**Instructions for the task**
Among the entries below, take the line with "Flash Furniture XU-6FOB-CLR-BURV-GG, Indoor" and the line with "Оферта 2037 - Агенция", and output them and every line between them exactly, with nothing else.
[[ Raw data, beginning ]]
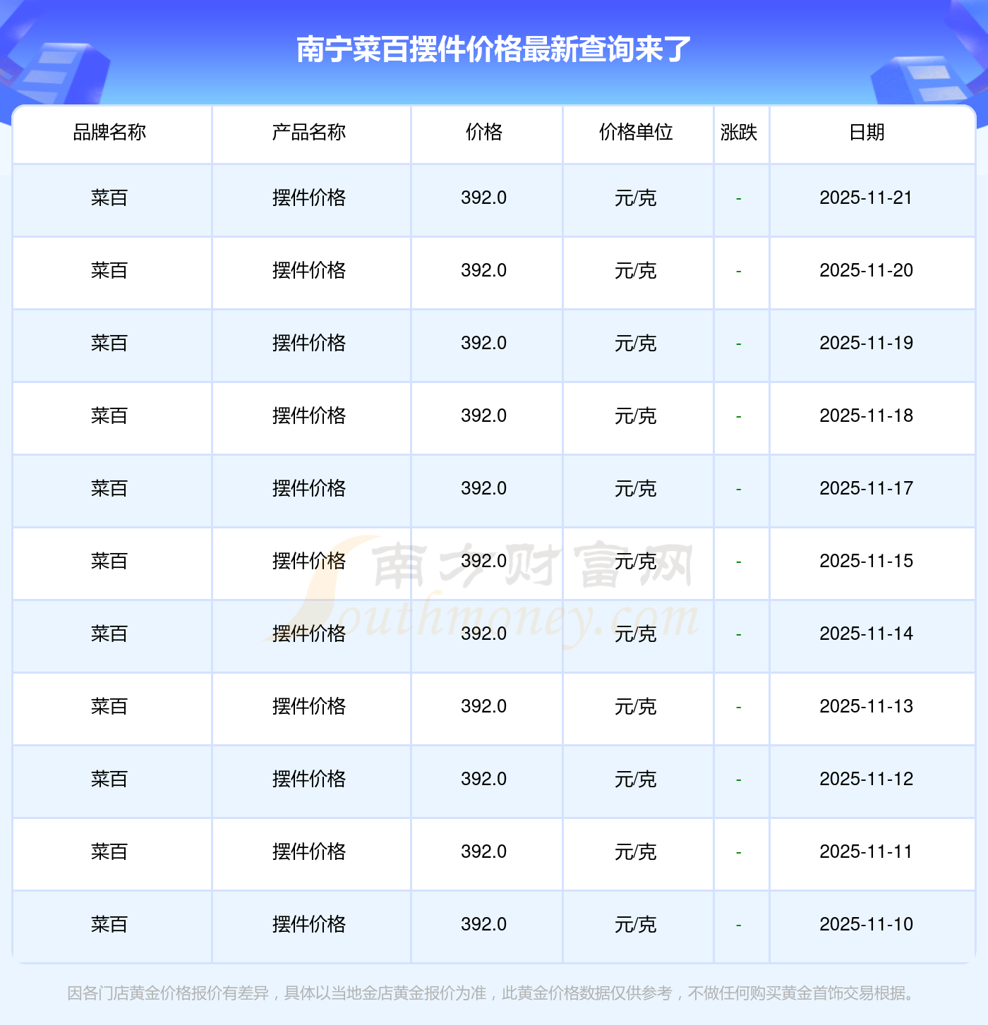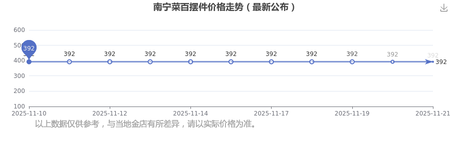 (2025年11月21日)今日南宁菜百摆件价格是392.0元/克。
[[ Raw data, end ]]
[[ Raw data, beginning ]]
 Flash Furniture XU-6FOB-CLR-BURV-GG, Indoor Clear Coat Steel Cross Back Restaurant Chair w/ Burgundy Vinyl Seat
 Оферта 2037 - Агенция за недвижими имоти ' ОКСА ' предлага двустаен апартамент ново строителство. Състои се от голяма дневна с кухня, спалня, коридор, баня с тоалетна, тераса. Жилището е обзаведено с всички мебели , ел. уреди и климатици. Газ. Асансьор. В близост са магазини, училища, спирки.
[[ Raw data, end ]]
**Exercise response**
 Flash Furniture XU-6FOB-CLR-BURV-GG, Indoor Clear Coat Steel Cross Back Restaurant Chair w/ Burgundy Vinyl Seat
 Оферта 2037 - Агенция за недвижими имоти ' ОКСА ' предлага двустаен апартамент ново строителство. Състои се от голяма дневна с кухня, спалня, коридор, баня с тоалетна, тераса. Жилището е обзаведено с всички мебели , ел. уреди и климатици. Газ. Асансьор. В близост са магазини, училища, спирки.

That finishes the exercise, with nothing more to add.